A poisson command with Mata computations

The Stata command mypoisson1 computes the results in Mata. The syntax of the mypoisson1 command is

mypoisson1 depvar indepvars [if] [in] [, noconstant]

where indepvars can contain time-series variables. mypoisson1 does not allow for factor variables because they complicate the program. I discuss these complications, and present solutions, in my next post.

In the remainder of this post, I discuss the code for mypoisson1.ado. I recommend that you click on the file name to download the code. To avoid scrolling, view the code in the do-file editor, or your favorite text editor, to see the line numbers.

Code block 1: mypoisson1.ado

*! version 1.0.0  31Jan2016
program define mypoisson1, eclass sortpreserve
    version 14.1

    syntax varlist(numeric ts min=2) [if] [in] [, noCONStant ]
    marksample touse

    gettoken depvar indepvars : varlist

    _rmcoll `indepvars', `constant' forcedrop
    local indepvars  "`r(varlist)'"

    tempname b V N rank

    mata: mywork("`depvar'", "`indepvars'", "`touse'", "`constant'", ///
       "`b'", "`V'", "`N'", "`rank'")

    if "`constant'" == "" {
        local cnames "`indepvars' _cons"
    }
    else {
        local cnames "`indepvars'"
    }
    matrix colnames `b' = `cnames'
    matrix colnames `V' = `cnames'
    matrix rownames `V' = `cnames'

    ereturn post `b' `V', esample(`touse') buildfvinfo
    ereturn scalar N       = `N'
    ereturn scalar rank    = `rank'
    ereturn local  cmd     "mypoisson1"

    ereturn display

end

mata:

void mywork( string scalar depvar,  string scalar indepvars,
             string scalar touse,   string scalar constant,
             string scalar bname,   string scalar Vname,
             string scalar nname,   string scalar rname)
{

    real vector y, b, mo_v, cv
    real matrix X, V, Cm
    real scalar n, p, rank, ko

    y = st_data(., depvar, touse)
    n = rows(y)
    X = st_data(., indepvars, touse)
    if (constant == "") {
        X = X,J(n, 1, 1)
    }
    p = cols(X)

    S  = optimize_init()
    optimize_init_argument(S, 1, y)
    optimize_init_argument(S, 2, X)
    optimize_init_evaluator(S, &plleval2())
    optimize_init_params(S, J(1, p, .01))

    b    = optimize(S)
    V    = optimize_result_V_oim(S)
    rank = p - diag0cnt(invsym(V))

    st_matrix(bname, b)
    st_matrix(Vname, V)
    st_numscalar(nname, n)
    st_numscalar(rname, rank)
}

void plleval2(real scalar todo, real vector b,     ///
              real vector y,    real matrix X,     ///
              val, grad, hess)
{
    real vector  xb

    xb = X*b'
   val = sum(-exp(xb) + y:*xb - lnfactorial(y))
}

end

mypoisson1.ado has the structure of Stata programs that compute their results in Mata, which I discussed in Programming an estimation command in Stata: A first ado-command using Mata and Programming an estimation command in Stata: An OLS command using Mata. Lines 1–35 define the ado-command mypoisson1. Lines 37–83 define the Mata work function mywork() used in mypoisson1 and the evaluator function plleval2() used in mywork().

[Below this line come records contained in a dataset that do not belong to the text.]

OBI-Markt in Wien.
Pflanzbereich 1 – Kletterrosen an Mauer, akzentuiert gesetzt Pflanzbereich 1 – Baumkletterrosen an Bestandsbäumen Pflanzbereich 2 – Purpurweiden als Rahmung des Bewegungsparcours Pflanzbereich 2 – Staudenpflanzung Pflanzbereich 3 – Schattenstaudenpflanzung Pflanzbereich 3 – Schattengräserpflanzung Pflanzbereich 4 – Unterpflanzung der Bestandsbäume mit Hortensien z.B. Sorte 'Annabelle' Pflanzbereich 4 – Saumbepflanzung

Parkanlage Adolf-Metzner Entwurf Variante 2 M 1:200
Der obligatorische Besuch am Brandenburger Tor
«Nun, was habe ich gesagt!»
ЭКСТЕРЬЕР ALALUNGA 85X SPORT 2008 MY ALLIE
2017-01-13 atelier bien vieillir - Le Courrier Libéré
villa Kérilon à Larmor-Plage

The ado-command mypoisson1 has four parts:

  1. Lines 5–13 parse what the user typed, identify the sample, drop collinear variables from the list of independent variables, and create temporary names for Stata objects returned by our Mata work function.
  2. Lines 15–16 call the Mata work function.
  3. Lines 18–31 post the results returned by the Mata work function to e().
  4. Line 33 displays the results.

The Mata work function mywork() has four parts.

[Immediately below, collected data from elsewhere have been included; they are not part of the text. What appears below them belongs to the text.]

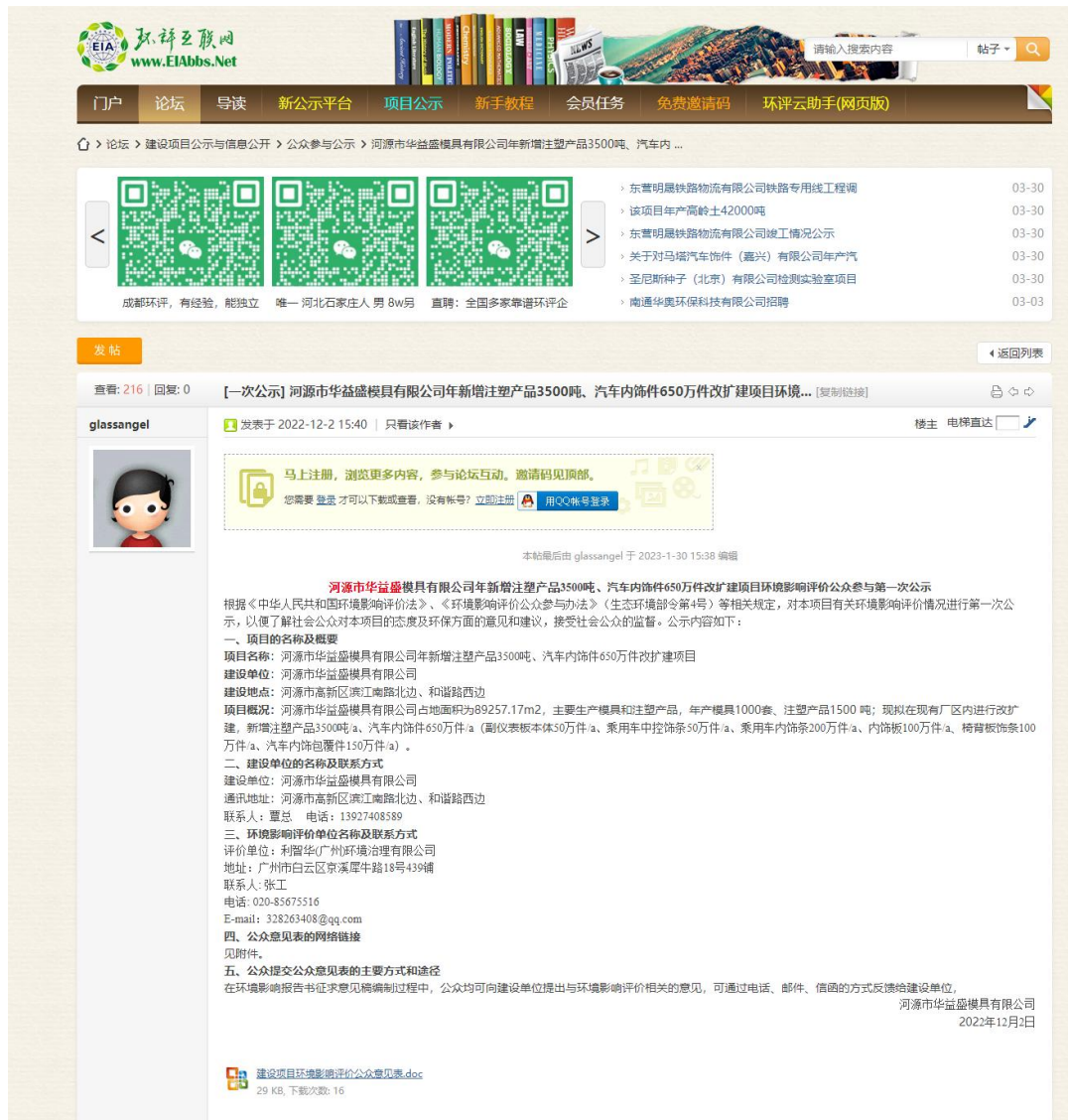
图 3.2-1 项目第一次网上公示截图

本项目首次环境影响评价信息公开方式采取网络方式，于2022年12月2日在环评互联网论坛首次公开环境影响评价信息情况，公示网址如下： http://www.eiabbs.net/forum.php?mod=viewthread&tid=578659&highlight=%BA%D3%D4%B4%CA%D0%BB%AA%D2%E6%CA%A2 ，公示截图见图3.2-1。
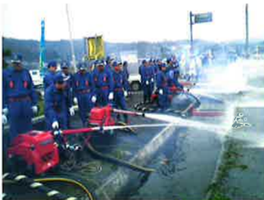
防火用水としての利用

このように、今後も引続き適正な維持管理体制づくりを進めていきたいと思っておりますので皆様のご理解とご協力をお願いいたします。
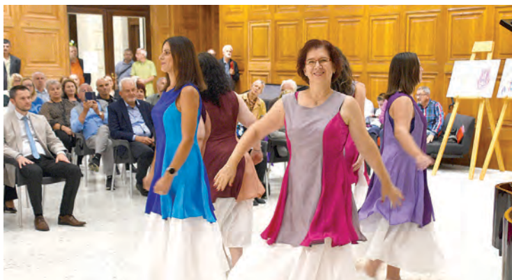
Nastup plesne skupine Haverim Shell Israel
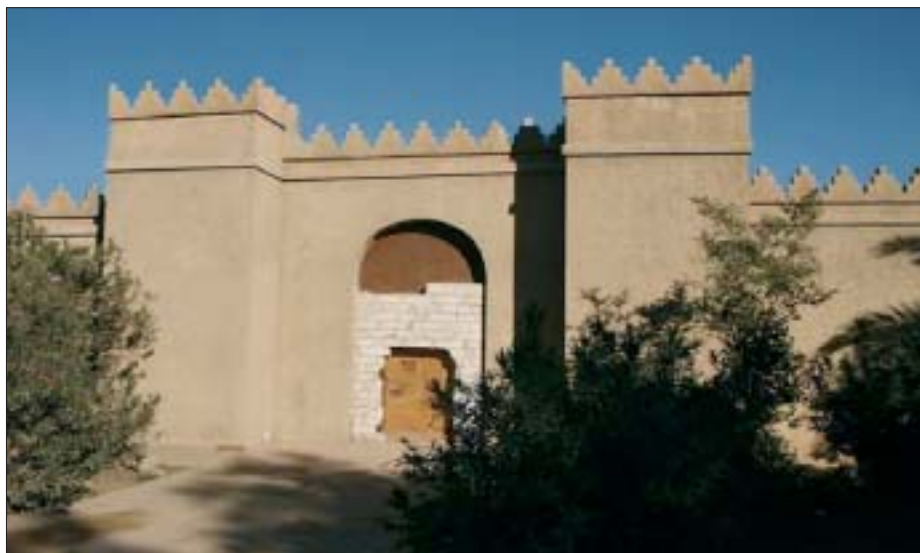
16. Muzeum Hammurabiego. 16. The Hammurabi Museum.

Propozycje działań prewencyjno-konserwatorskich uzyskały akceptację dowództwa dywizji (15 grudnia 2003 r.). We współpracy z dywizyjnymi komórkami inżynieryjnymi i infrastrukturalnymi zdecydowano:
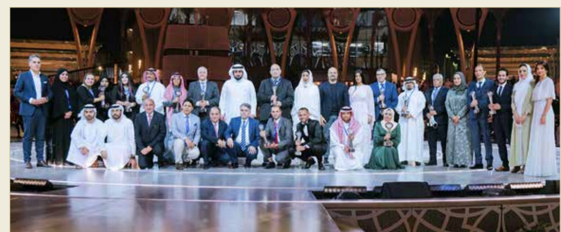
رئيس مجلس دبي للإعلام سمو الشيخ أحمد بن محمد بن راشد آل مكتوم متوسط الفائزين

بلوحة كاريكاتيرية عن الذباب الإلكتروني للفنان المحترف الزميل نواف الملا

  1. Lines 39–42 parse the arguments.
  2. Lines 45–47 declare vectors, matrices, and scalars that are local to mywork().
  3. Lines 49–65 compute the results.
  4. Lines 67–70 copy the computed results to Stata, using the names that were passed in arguments.

Now, I discuss the ado-code in some detail. Lines 2–35 are almost the same as lines 2–35 of myregress11, which I discussed in Programming an estimation command in Stata: An OLS command using Mata. That myregress11 handles factor variables but mypoisson1 does not causes most of the differences. That myregress11 stores the residual degrees of freedom but mypoisson1 does not causes two minor differences.

myregress11 uses the matrix inverter to handle cases of collinear independent variables. In the Poisson-regression case discussed here, collinear independent variables define an unconstrained problem without a unique solution, so optimize() cannot converge. mypoisson1 drops collinear independent variables to avoid this problem. I discuss a better solution in my next post.

Lines 10–11 use _rmcoll to drop the collinear independent variables and store the list of linearly independent variables in the local macro indepvars.

Now, I discuss the Mata work function mywork() in some detail. The mywork() defined on lines 39–71 is remarkably similar to the mywork() function defined on lines 39–72 of myregress11.ado, discussed in Programming an estimation command in Stata: An OLS command using Mata. In mypoisson1.ado, lines 57–65 use optimize() to compute the results. In myregress11.ado, lines 58–64 use matrix computations to compute the results.

Lines 73–81 define the evaluator function plleval2(), which is used by optimize() to compute the results, as I discussed in Programming an estimation command in Stata: Using optimize() to estimate Poisson parameters.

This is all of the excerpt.